§ Task instructions: In the material below, find the span from the line with "根據(jù)《浙江省衛(wè" to the line with "cite this data" and transcribe only those lines, exactly, ends included, without the pictures.

§ Supplied entries:
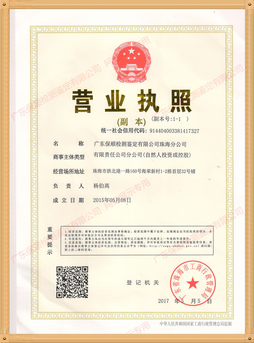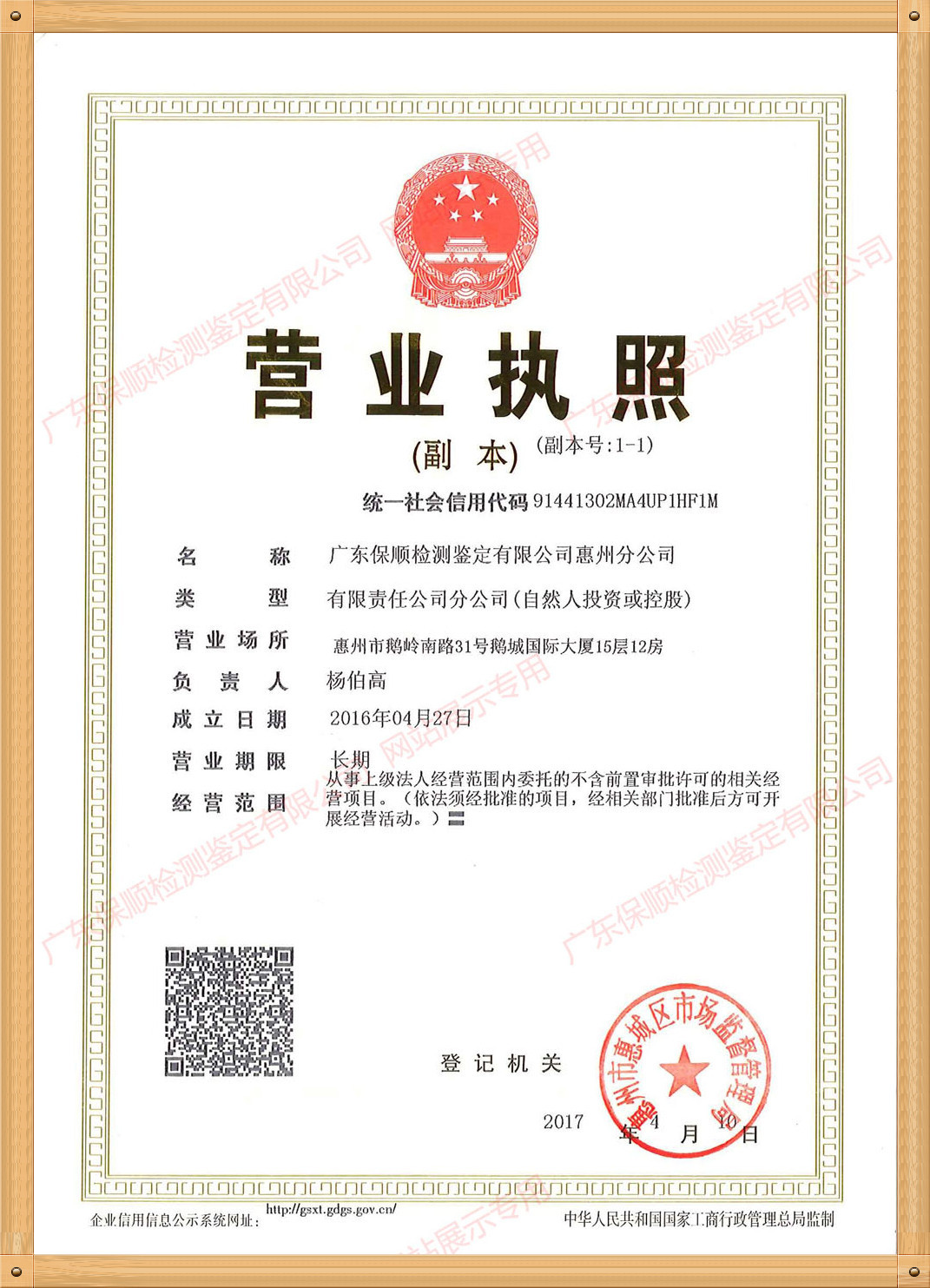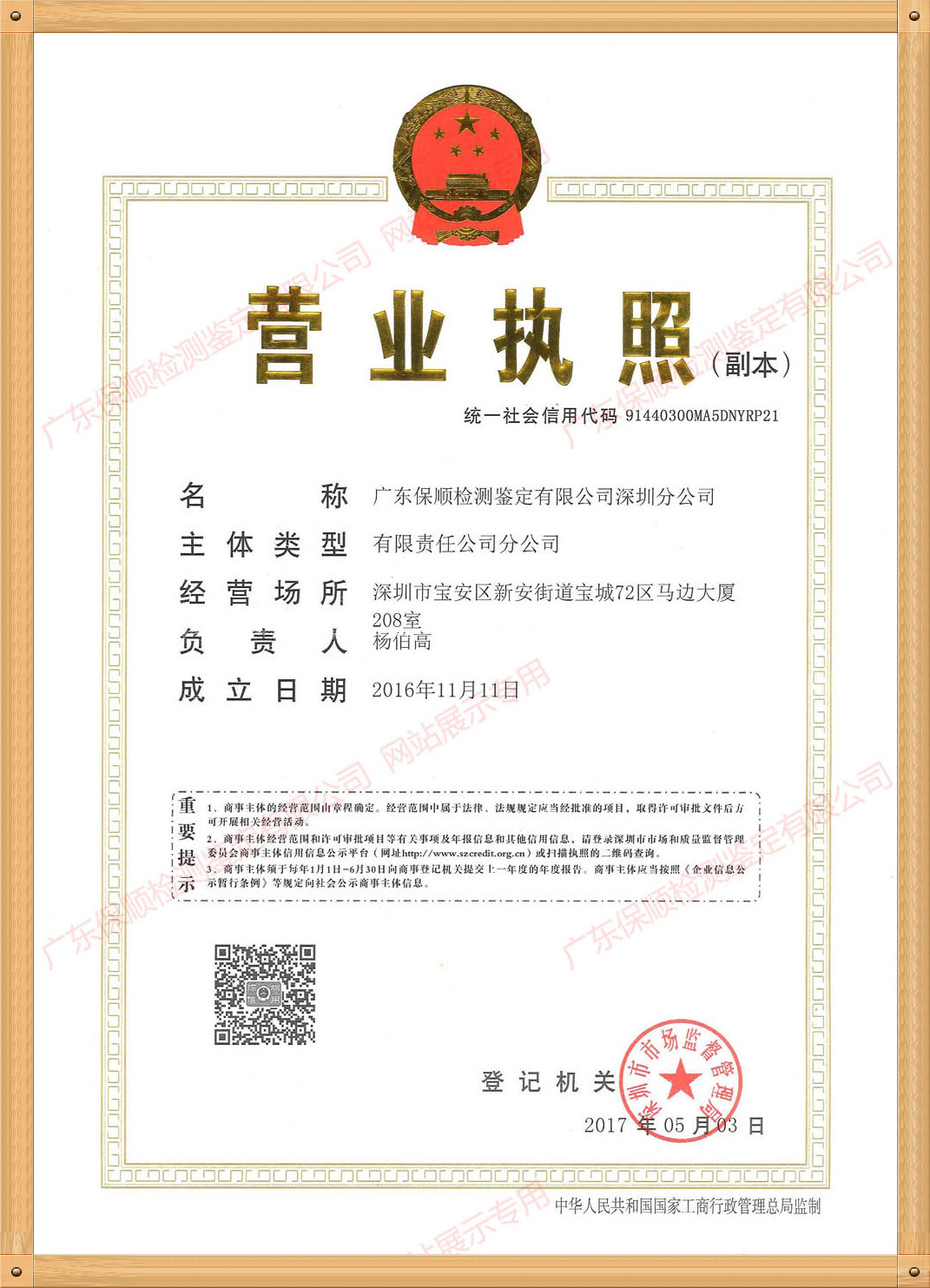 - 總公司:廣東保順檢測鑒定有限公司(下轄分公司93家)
==
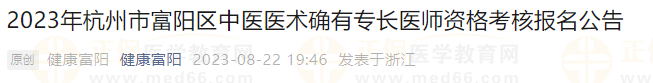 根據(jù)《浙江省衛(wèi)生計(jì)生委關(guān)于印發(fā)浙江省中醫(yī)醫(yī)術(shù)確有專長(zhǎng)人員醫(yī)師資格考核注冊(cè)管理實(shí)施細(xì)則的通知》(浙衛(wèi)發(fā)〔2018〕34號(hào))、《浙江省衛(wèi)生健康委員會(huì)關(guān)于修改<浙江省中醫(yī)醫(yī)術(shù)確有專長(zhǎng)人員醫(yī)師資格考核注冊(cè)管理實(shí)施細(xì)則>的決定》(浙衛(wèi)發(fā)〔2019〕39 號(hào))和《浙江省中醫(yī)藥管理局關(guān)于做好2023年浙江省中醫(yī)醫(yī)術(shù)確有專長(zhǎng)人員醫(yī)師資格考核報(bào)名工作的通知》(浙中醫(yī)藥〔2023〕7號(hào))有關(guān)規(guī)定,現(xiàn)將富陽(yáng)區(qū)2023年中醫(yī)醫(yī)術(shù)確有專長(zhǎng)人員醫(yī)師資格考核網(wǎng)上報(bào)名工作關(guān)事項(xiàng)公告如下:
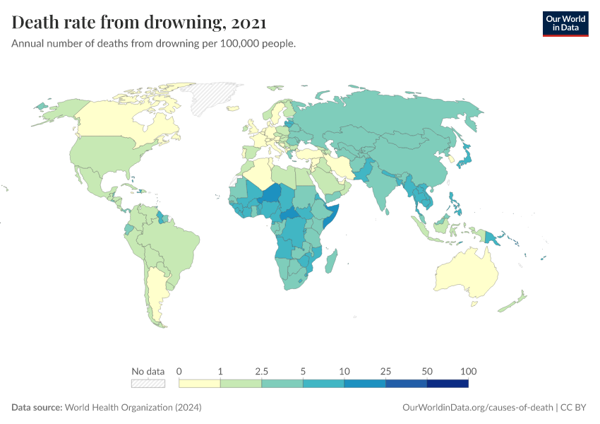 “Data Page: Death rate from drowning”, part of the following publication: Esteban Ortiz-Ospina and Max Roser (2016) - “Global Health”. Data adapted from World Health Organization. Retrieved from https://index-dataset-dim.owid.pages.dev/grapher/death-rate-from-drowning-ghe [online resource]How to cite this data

§ Answer to the exercise:
 根據(jù)《浙江省衛(wèi)生計(jì)生委關(guān)于印發(fā)浙江省中醫(yī)醫(yī)術(shù)確有專長(zhǎng)人員醫(yī)師資格考核注冊(cè)管理實(shí)施細(xì)則的通知》(浙衛(wèi)發(fā)〔2018〕34號(hào))、《浙江省衛(wèi)生健康委員會(huì)關(guān)于修改<浙江省中醫(yī)醫(yī)術(shù)確有專長(zhǎng)人員醫(yī)師資格考核注冊(cè)管理實(shí)施細(xì)則>的決定》(浙衛(wèi)發(fā)〔2019〕39 號(hào))和《浙江省中醫(yī)藥管理局關(guān)于做好2023年浙江省中醫(yī)醫(yī)術(shù)確有專長(zhǎng)人員醫(yī)師資格考核報(bào)名工作的通知》(浙中醫(yī)藥〔2023〕7號(hào))有關(guān)規(guī)定,現(xiàn)將富陽(yáng)區(qū)2023年中醫(yī)醫(yī)術(shù)確有專長(zhǎng)人員醫(yī)師資格考核網(wǎng)上報(bào)名工作關(guān)事項(xiàng)公告如下:
 “Data Page: Death rate from drowning”, part of the following publication: Esteban Ortiz-Ospina and Max Roser (2016) - “Global Health”. Data adapted from World Health Organization. Retrieved from https://index-dataset-dim.owid.pages.dev/grapher/death-rate-from-drowning-ghe [online resource]How to cite this data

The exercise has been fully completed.